Task statement >>
Pictures stay out; everything else from the first line of the entries down through the line with "The term Ignition-Off" gets copied exactly.

—————

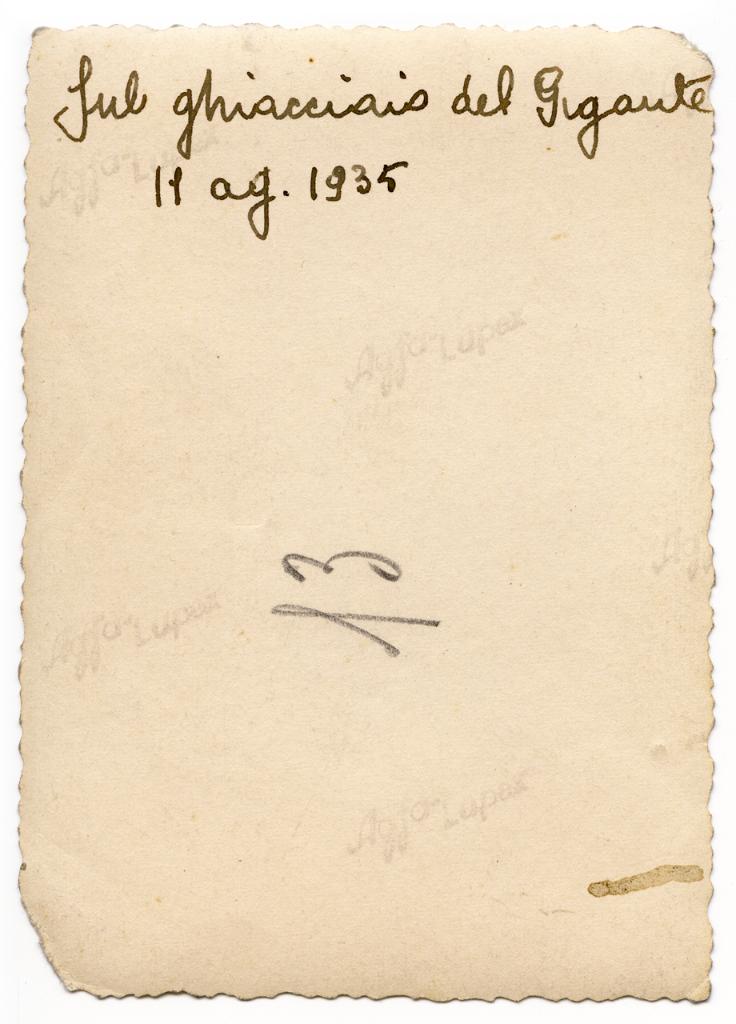 | iscrizioni | sul verso del supporto la scritta: "Sul ghiacciaio del gigante/ 11 ag. 1935" |
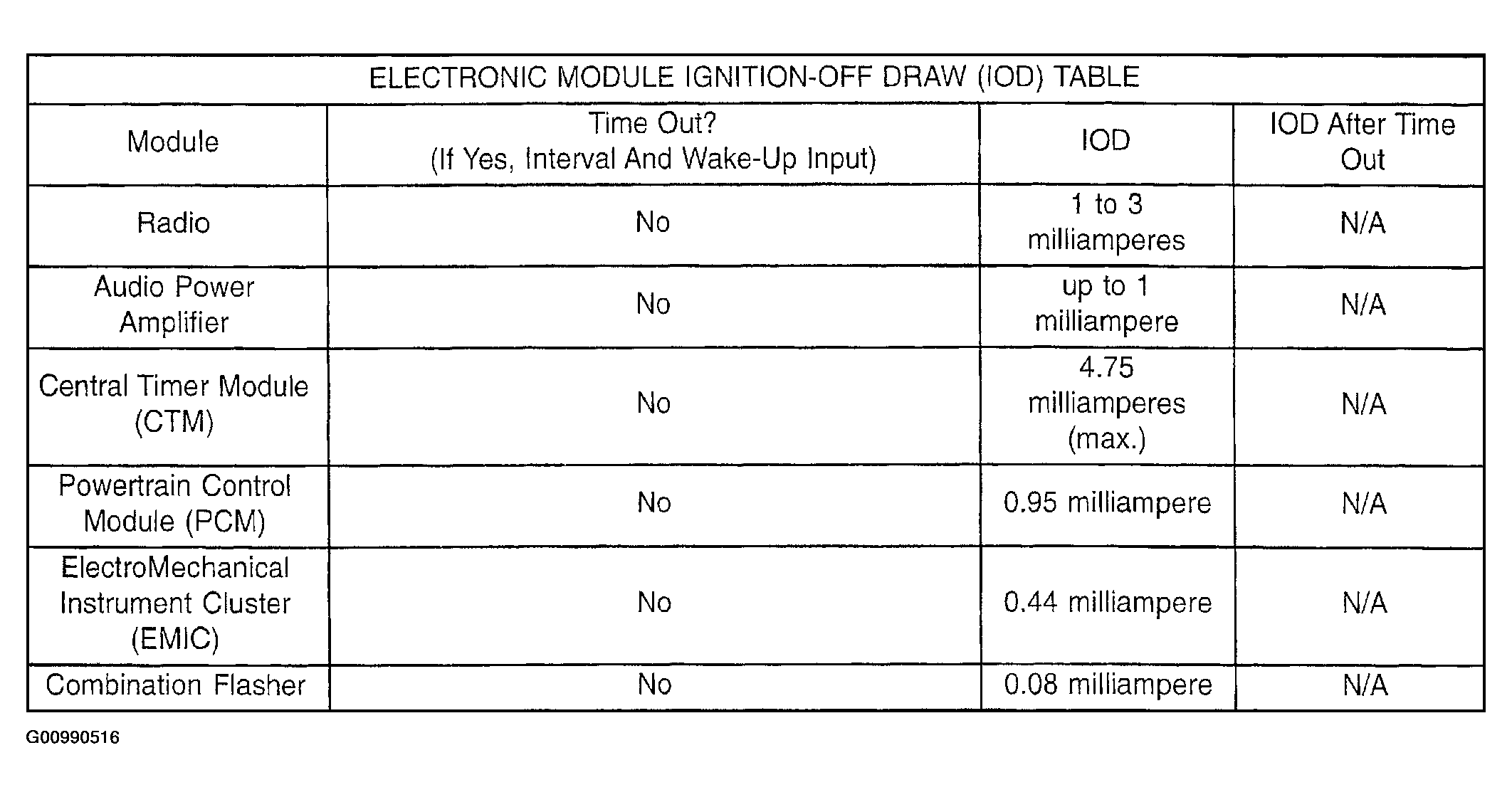 The term Ignition-Off Draw (IOD) identifies a normal condition where power is being drained from the battery with the ignition switch in the Off position. A normal vehicle electrical system will draw from five to thirty-five milliamperes (0.005 to 0.035 ampere) with the ignition switch in the Off position, and all non-ignition controlled circuits in proper working order. Up to thirty-five milliamperes are needed to enable the memory functions for the Powertrain Control Module (PCM), digital clock, electronically tuned radio, and other modules which may vary with the vehicle equipment.
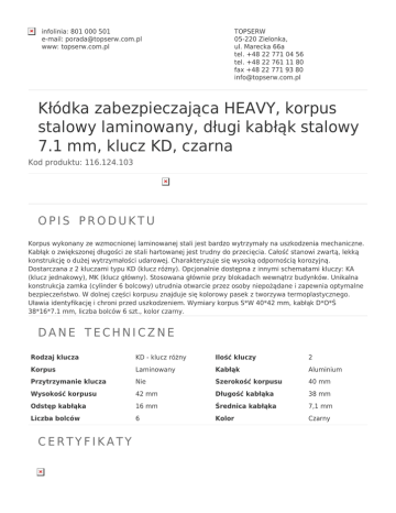infolinia: 801 000 501 e-mail: [email protected] www: topserw.com.pl TOPSERW 05-220 Zielonka, ul. Marecka 66a tel. +48 22 771 04 56 tel. +48 22 761 11 80 fax +48 22 771 93 80 [email protected] Kłódka zabezpieczająca HEAVY, korpus stalowy laminowany, długi kabłąk stalowy 7.1 mm, klucz KD, czarna Kod produktu: 116.124.103 OPIS PRODUKTU Korpus wykonany ze wzmocnionej laminowanej stali jest bardzo wytrzymały na uszkodzenia mechaniczne. Kabłąk o zwiększonej długości ze stali hartowanej jest trudny do przecięcia. Całość stanowi zwartą, lekką konstrukcję o dużej wytrzymałości udarowej. Charakteryzuje się wysoką odpornością korozyjną. Dostarczana z 2 kluczami typu KD (klucz różny). Opcjonalnie dostępna z innymi schematami kluczy: KA (klucz jednakowy), MK (klucz główny). Stosowana głównie przy blokadach wewnątrz budynków. Unikalna konstrukcja zamka (cylinder 6 bolcowy) utrudnia otwarcie przez osoby niepożądane i zapewnia optymalne bezpieczeństwo. W dolnej części korpusu znajduje się kolorowy pasek z tworzywa termoplastycznego. Uławia identyfikację i chroni przed uszkodzeniem. Wymiary korpus S*W 40*42 mm, kabłąk D*O*Ś 38*16*7.1 mm, liczba bolców 6 szt., kolor czarny. DANE TECHNICZNE Rodzaj klucza KD - klucz różny Ilość kluczy 2 Korpus Laminowany Kabłąk Aluminium Przytrzymanie klucza Nie Szerokość korpusu 40 mm Wysokość korpusu 42 mm Długość kabłąka 38 mm Odstęp kabłąka 16 mm Średnica kabłąka 7,1 mm Liczba bolców 6 Kolor Czarny CERTYFIKATY POWIĄZANE Produkt Kłódka zabezpieczająca HEAVY, korpus stalowy laminowany, długi kabłąk stalowy 7.1 mm, klucz KD, czerwona Kłódka zabezpieczająca HEAVY, korpus stalowy laminowany, długi kabłąk stalowy 7.1 mm, klucz KD, biała Kłódka zabezpieczająca HEAVY, korpus stalowy laminowany, długi kabłąk stalowy 7.1 mm, klucz KD, żółta Kłódka zabezpieczająca HEAVY, korpus stalowy laminowany, długi kabłąk stalowy 7.1 mm, klucz KD, czarna Kłódka zabezpieczająca HEAVY, korpus stalowy laminowany, długi kabłąk stalowy 7.1 mm, klucz KD, niebieska Kłódka zabezpieczająca HEAVY, korpus stalowy laminowany, długi kabłąk stalowy 7.1 mm, klucz KD, zielona
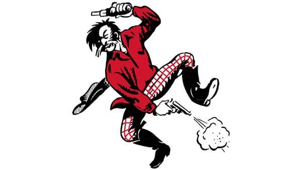 This was the original logo of the San Francisco 49ers, created in 1946. Unlike their modern logo, this design featured a man holding a sidearm in one hand and a bottle in the other.
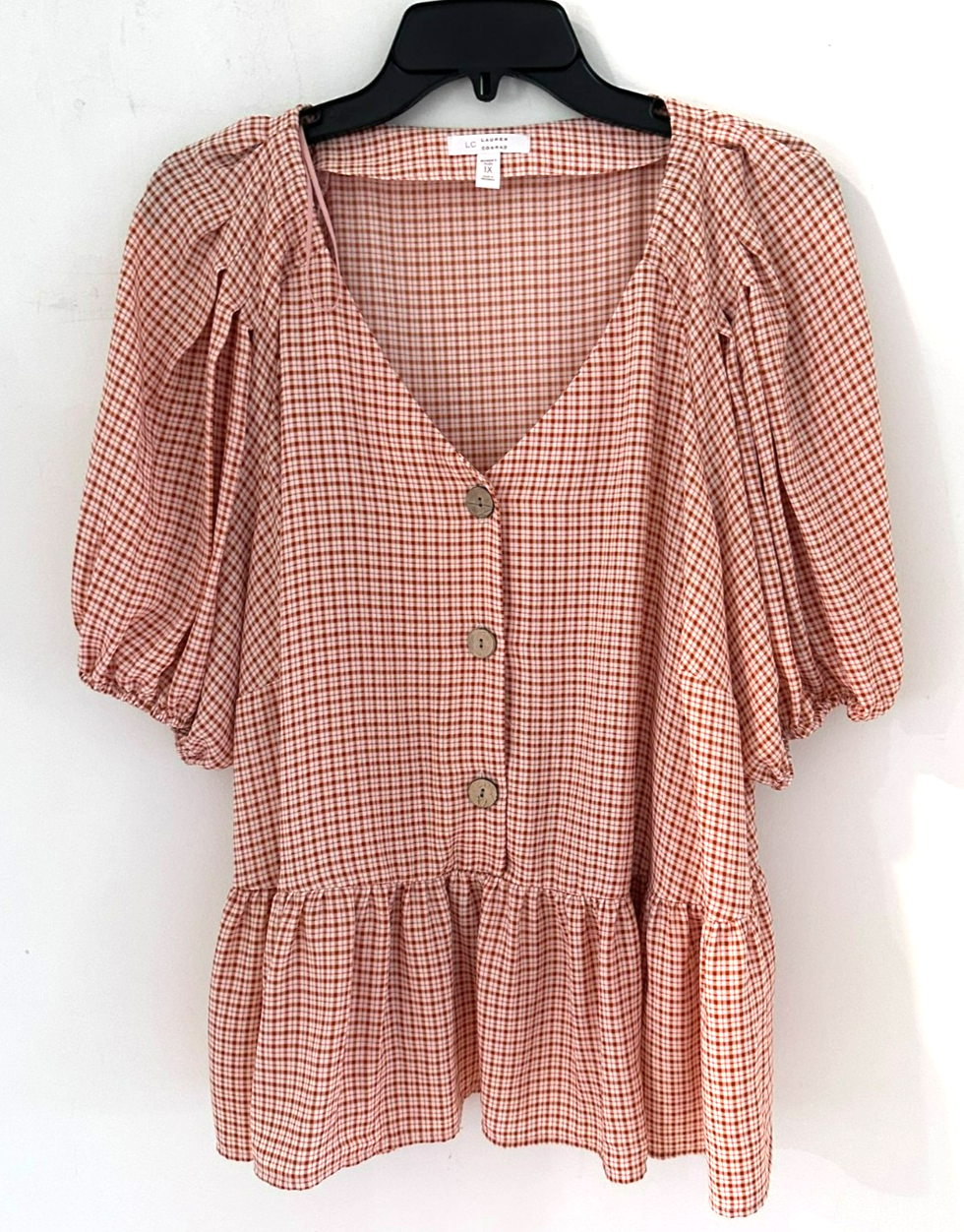 Add a fresh, feminine flair to your wardrobe with this LC Lauren Conrad Women?s Plus 1X Orange Gingham Ruffle Hem Blouse. Designed with charming puff sleeves and a flowy ruffled hem, this top blends comfort with modern elegance ? perfect for work, brunch, or everyday style.
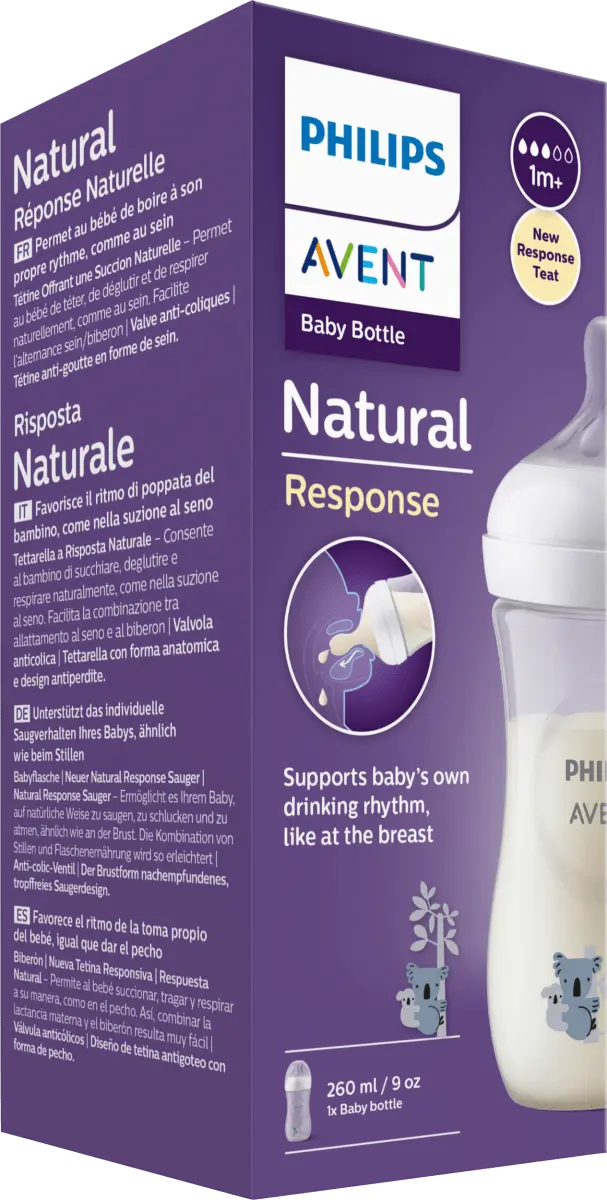 Детская бутылочка Philips AVENT Natural Response в дизайне Koala вмещает 260 мл и оснащена специальной соской Natural Response. Молоко выделяется только тогда, когда ребенок активно пьет. Это позволяет ребенку сосать, глотать и дышать в своем естественном ритме, аналогичном грудному вскармливанию. Это позволяет легко совмещать грудное вскармливание и кормление из бутылочки.

—————

Exercise response >>
 | iscrizioni | sul verso del supporto la scritta: "Sul ghiacciaio del gigante/ 11 ag. 1935" |
 The term Ignition-Off Draw (IOD) identifies a normal condition where power is being drained from the battery with the ignition switch in the Off position. A normal vehicle electrical system will draw from five to thirty-five milliamperes (0.005 to 0.035 ampere) with the ignition switch in the Off position, and all non-ignition controlled circuits in proper working order. Up to thirty-five milliamperes are needed to enable the memory functions for the Powertrain Control Module (PCM), digital clock, electronically tuned radio, and other modules which may vary with the vehicle equipment.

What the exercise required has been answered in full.